Buda bizim hikayemiz biraz uzun ama
15.04.2014 Salı sabaha karşı 06:00 gibi Wc ye gitmek için uyandım. Uyandığımda yataktan kalkmadan bir ıslaklık hissettim ve hemen WC ye gittim. Günlük pedimde pembemsi hafif kırmızı sulu bir şey gördüm. Sanırım bu nişan olmalı dedim. Hemen eşime haber verdim. Daha sonra bizde kalan annem ve kayınvalideme haber verdim. Doktorumuzu arayıp aramama konusunda tereddütte kaldım. Çünkü o sabah saat 9:30 da kontrolümüz vardı. Biraz düşündükten sonra aramaya karar verdim. Doktorumuza durumu izah ettim acil gelmemizi gerektirecek bir şey var mı diye sordum. Sancın var mı diye sordu. Yok dedim. Çok önemli değil normal randevu saatimizde gelebileceğimizi söyledi. Tabi bizi uyku tutmadı o saatten sonra. Salona geçip biraz oturdum saat 7:00 gibi duş almak için ayağa kalktığımda su gibi bir şeyin hızla aktığını hissettim. Altımda ped olduğu için dışarı çıkmıyordu bacaklarımı sıktım engel olamıyordum. Hemen Wc ye gittim baktım şeffaf su gibi bişey. Sanırım buda suyum olmalıydı dedim.

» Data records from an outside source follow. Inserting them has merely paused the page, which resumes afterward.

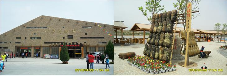我們?cè)谏称骂^旅游黃河區(qū)(南區(qū))買了門票,隨著人流,進(jìn)入景區(qū)。景區(qū)主大門是一個(gè)四四方方的立柱,加上“井”字形建筑造型構(gòu)成,立柱頂部呈長城烽火臺(tái)垛口造型,立柱右側(cè)上部有三個(gè)鎏金大字“沙坡頭”。 在景區(qū)大門東側(cè),是沙漠博物館,它的頂部呈金字形造型,游客可以免費(fèi)進(jìn)去參觀。
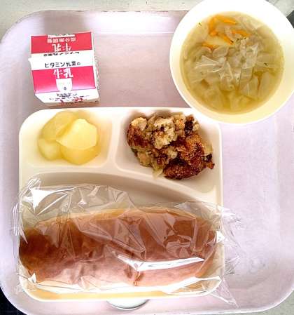 本日の給食 ・黒糖パン ・牛乳 ・カレードリア ・豚肉とキャベツのスープ ・りんご(カット缶)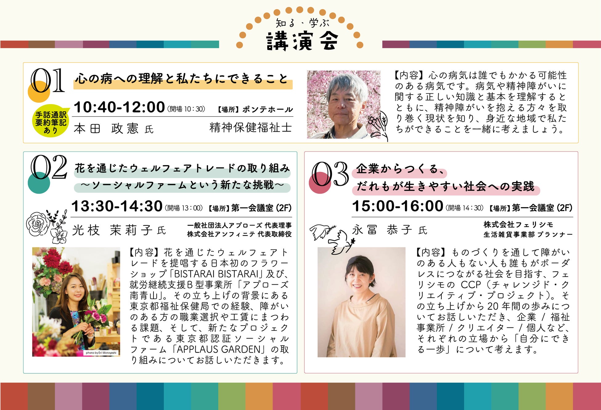 【内容】花を通じたウェルフェアトレードを提唱する日本初のフラワーショップ「BISTARAI BISTARAI」及び、就労継続支援B型事業所「アプローズ南青山」。その立ち上げの背景にある東京都福祉保健局での経験、障がいのある方の職業選択や工賃にまつわる課題、そして新たなプロジェクトである東京都認証ソーシャルファーム「APPLAUSGARDEN」の取り組みについてお話しいただきます。
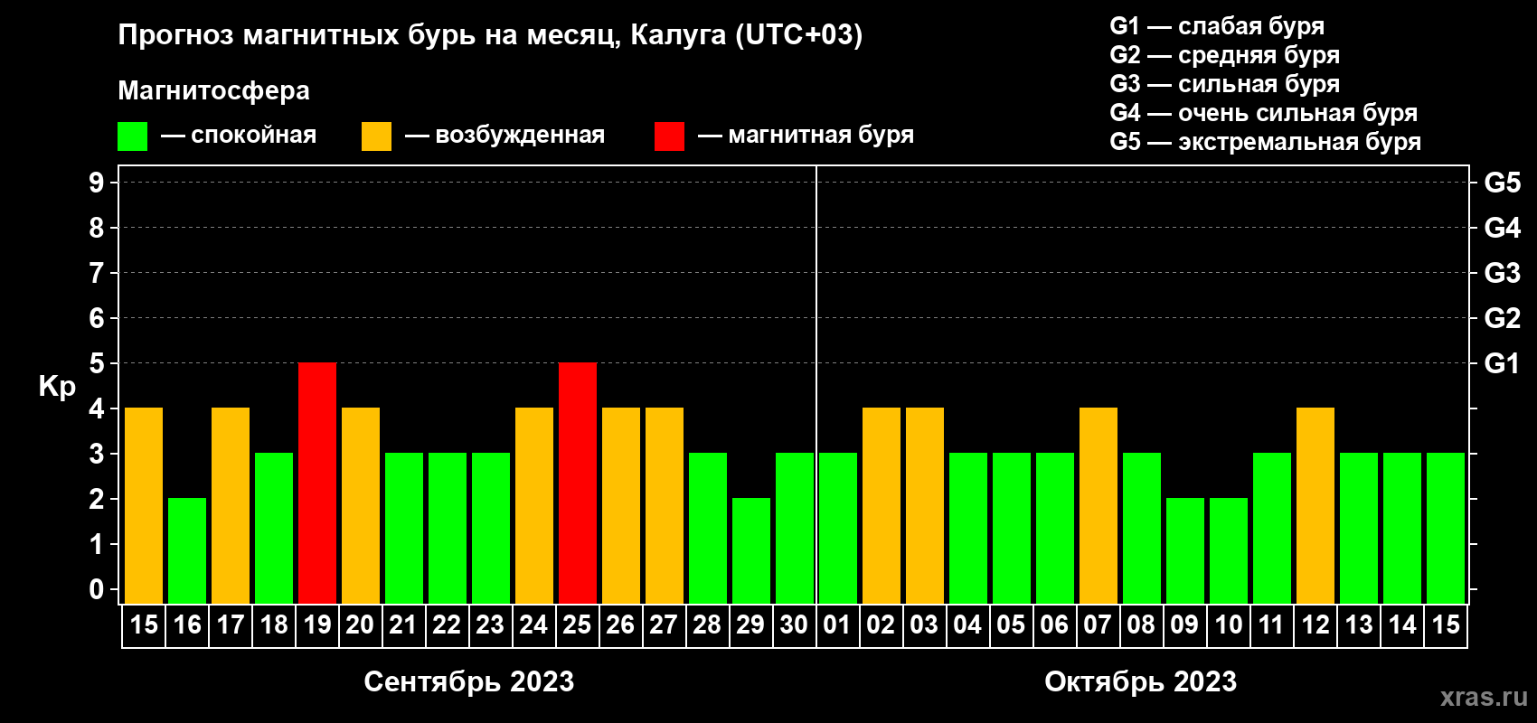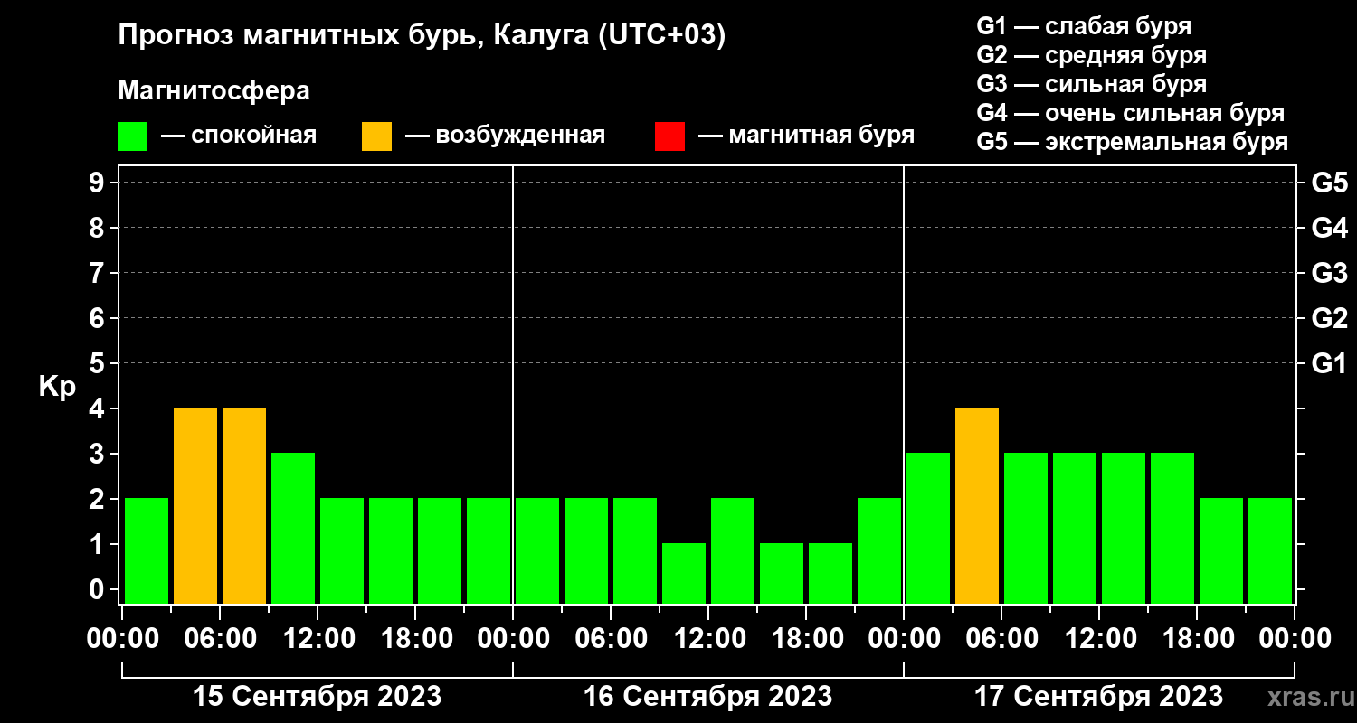 Прогноз магнитных бурь в Калуге — 15 сентября 2023 года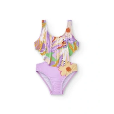 Lilac flower print trikini for girls. Paradise Beach Collection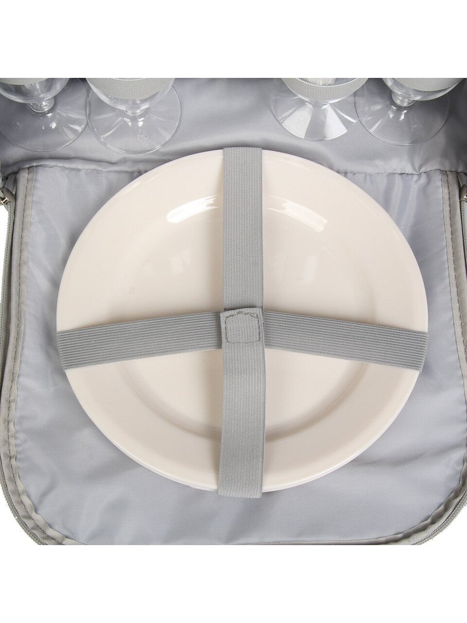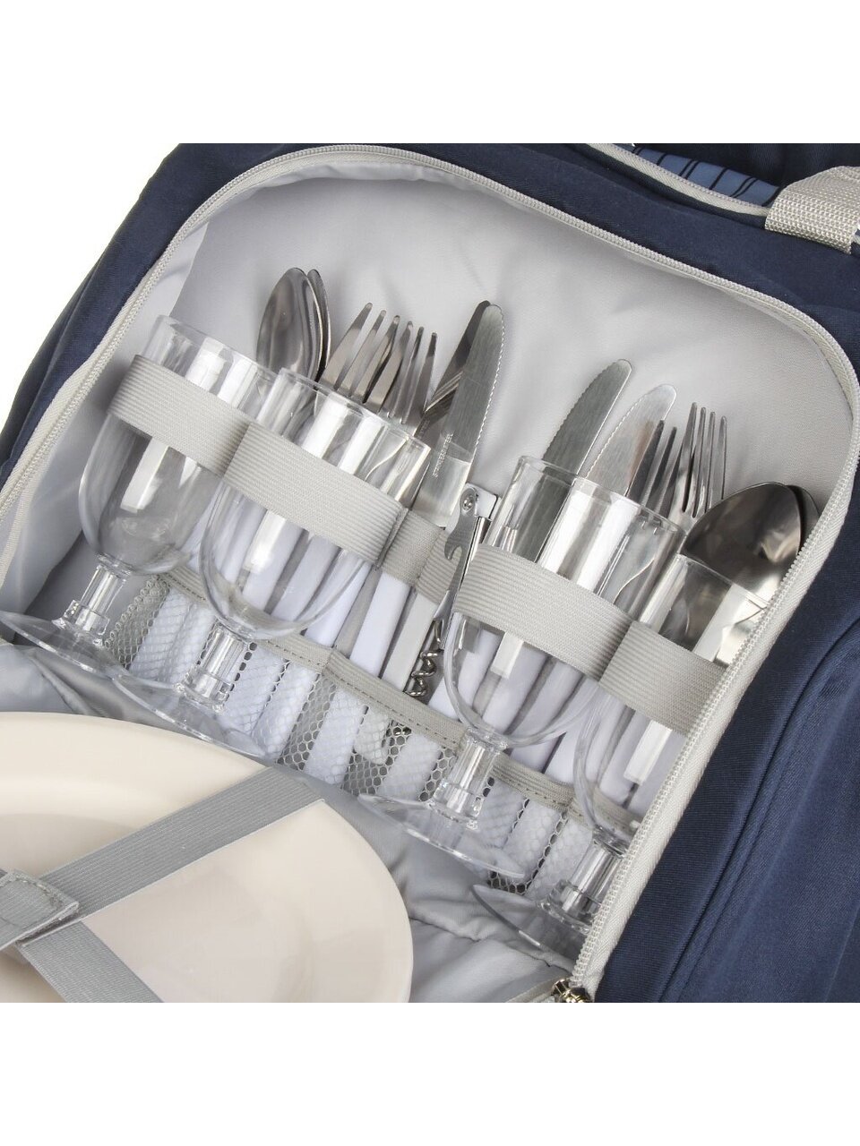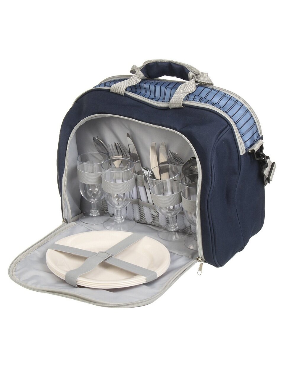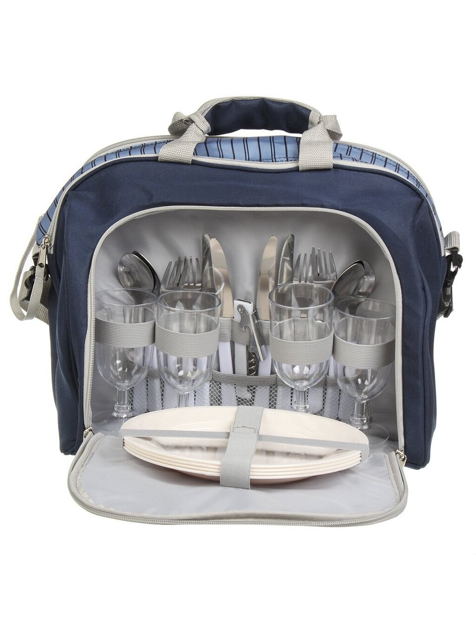 Сумка изготовлена из прочного полиэстера с белой подкладкой PEVA, что обеспечивает надежную защиту от влаги и легкость в уходе. Двойная молния сверху позволяет быстро и удобно получить доступ к отделению для продуктов, не тратя времени на поиски нужного предмета. В комплект также входят аксессуары: ножи, вилки, ложки из нержавеющей стали, бокалы и тарелки из полистирола, а также мультитул, который станет полезным помощником в любой ситуации.

Hemen duşa girip randevu saatini beklemeden eşimle hastaneye gittik. Annemler evdeydi doğum başlayacak olursa o zaman hastaneye geleceklerdi. Hasteneye gittik hemen çatı muayenesi yaptılar açılmam 2 cm olmuş. Sonra nst ye bağladılar sadece 2 tane sancım çıkmış. Sonra doktorumuz geldi. Bizimde randevu saatimiz geldiği için odasına gittik. Oda 2 cm açılmam olduğunu söyledi. Ultrasonda baktı bebeğin suyuda kan akışıda iyi dedi. Kanamanın rahim ağzı incelmesinden kaynaklandığını söyledi. Şimdi ben senin hastaneye yatırmam, haa şu yapılamazmı suni sancı verip doğumu başlatalım ama gerek yok normal seyreden bir şeyi kurcalamaya gerek yok, sezeryanada davetiye çıkarmayalım dedi. Şimdi eve gidin sancı başlar suyun gelirse hemen gelirsiniz. Eğer bir şey olmazsa seni Cuma günü yine göreceğim, ama bu bebek bu gece veya yarına doğar dedi.
Biz saat 10:30 gibi eve geri geldik. Kahvaltımızı yaptık. Saat 12:30 dan 13:00a kadar sancımın 10ar dk. Aralıklarla geldiğini fark ettim. Sancı geldiği anda oturmak veya yatmak istemiyordum ayağa kalkıp evin içinde bir tur atıp gelmek daha iyi geliyordu. Saat 17:00a doğru sancılar 7-8 dkya düşmeye başladı. Ama arada 10-15 dkyada çıkabiliyordu. Doktorumuzu aradık hastaneye gelmemizi söyledi.
Hemen eşimle hastaneye gittik. Muayene için soyunduğumda iç çamaşırımda sanki adet olmuşum gibi yoğun kan vardı neyse doktorumuz çatı muaeyenesinde açılmanın 3 cm olduğunu ve yatış yapacağımızı söyledi. Sancıların sıklığını düzene sokmak için sancı düzenleyici serum takılacağını ve bunun suni sancı olmadığını söyledi.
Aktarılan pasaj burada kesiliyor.